The use of commercial disciplinary codes such as MSC/NASTRAN for structural modeling, Pro/ENGINEER®, SolidWorks® for Computer Aided Design or IBM CPLEX for the solution of linear programs is also a possibility for your projects. There will be less emphasis on this point, however, since proficiency in these tools takes a long time to acquire and many of these codes have steep learning curves. Hence, the emphasis of the course is rather on learning the process of setting up, solving and interpreting multidisciplinary problems, rather than on creating physical models of very high fidelity as would be expected in an industry environment.

Grading

There will be two types of assignments in the course:

Assignments 1-5 (5 Total)

Part (a): Small, simple problems to be solved individually, many just by hand or with a calculator. Goal is to ensure learning of the key ideas regardless of chosen project. Some problems might require more extensive computation.

Part (b): Application of theory to a project of your choice from either existing class projects or a project related to your research. We expect team sizes between two and four students.

The assignments are due bi-weekly. Typically an assignment is handed out on a WednIDSay, and is due on a Monday two weeks later. There will be informal labs/recitations in order to help students work through issues associated with the assignments.

Class Project

The class project is our main means of assessing whether you can learn the material at a deeper level and apply it to a graduate level research project. There are two major deliverables here towards the end of the term:

  1. Project Presentation (ca. 15-20 minutes including Q&A)
  2. Final Report in the format of a journal or conference article
ACTIVITIES PERCENTAGES
Assignments 1-5 (10% each) 50%
Project presentation 20%
Final project report 20%
Active participation/attendance 10%

Appendix A

This appendix discusses the aspects of the MSDO course:

Multidisciplinary

A key component of this course is learning how to integrate different models from various disciplinary fields together into a single macro-model.
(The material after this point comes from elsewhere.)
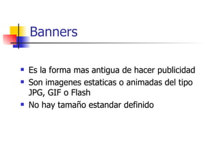 Los tipos principales de publicidad en Internet incluyen banners, ventanas emergentes, publicidad en Google y redes sociales, anuncios clasificados gratuitos, correo electrónico y videos. La publicidad en redes sociales es uno de los fenómenos de mayor crecimiento debido a los servicios gratuitos que ofrecen, mientras que los anuncios clasificados gratuitos se publican en portales en categorías relevantes pero solo están disponibles por un tiempo limitado. La publicidad por video en sitios como YouTube es uno de los mejores medios para captar la atenc

All too often specialists in different fields (structures, fluids, propulsion, controls etc.) exert a great deal of effort modeling and designing within their area of expertise with little understanding of how their design decisions affect other subsystems within the entire system. Also frequently lacking is an understanding of how such design decisions impact system lifecycle cost and program risk. Understanding of and fluency in integrated, multidisciplinary modeling is essential to the success of contemporary and future complex systems.

System

A system is a physical or virtual object that is composed of more than one element and that exhibits some behavior or performs some function as a consequence of interactions between these constituent elements.

Design

This course focuses on engineering design problems (e.g. aerospace vehicles, transportation systems, communication networks) and not primarily management problems (resource allocation, supply chain optimization, revenue management, etc.). As such, students should have a background and interest in engineering and system or product design and have had previous exposure to optimization. The course will be a good complement to existing courses in product development and system architecture, which do not typically present a multitude of quantitative methods and tools.

Optimization

Optimization is a mathematical method and gives rise to a number of algorithmic tools. As such it represents a bridge, which enables the use of integrated multidisciplinary models to do more effective design engineering work. It should be stressed that the use of optimization is not intended to remove the human from the design loop. Rather, optimization enables engineers and system architects to explore vast design spaces, often resulting in non-intuitive insights. This may result in system designs that are more cost-effective compared to previously considered traditional designs.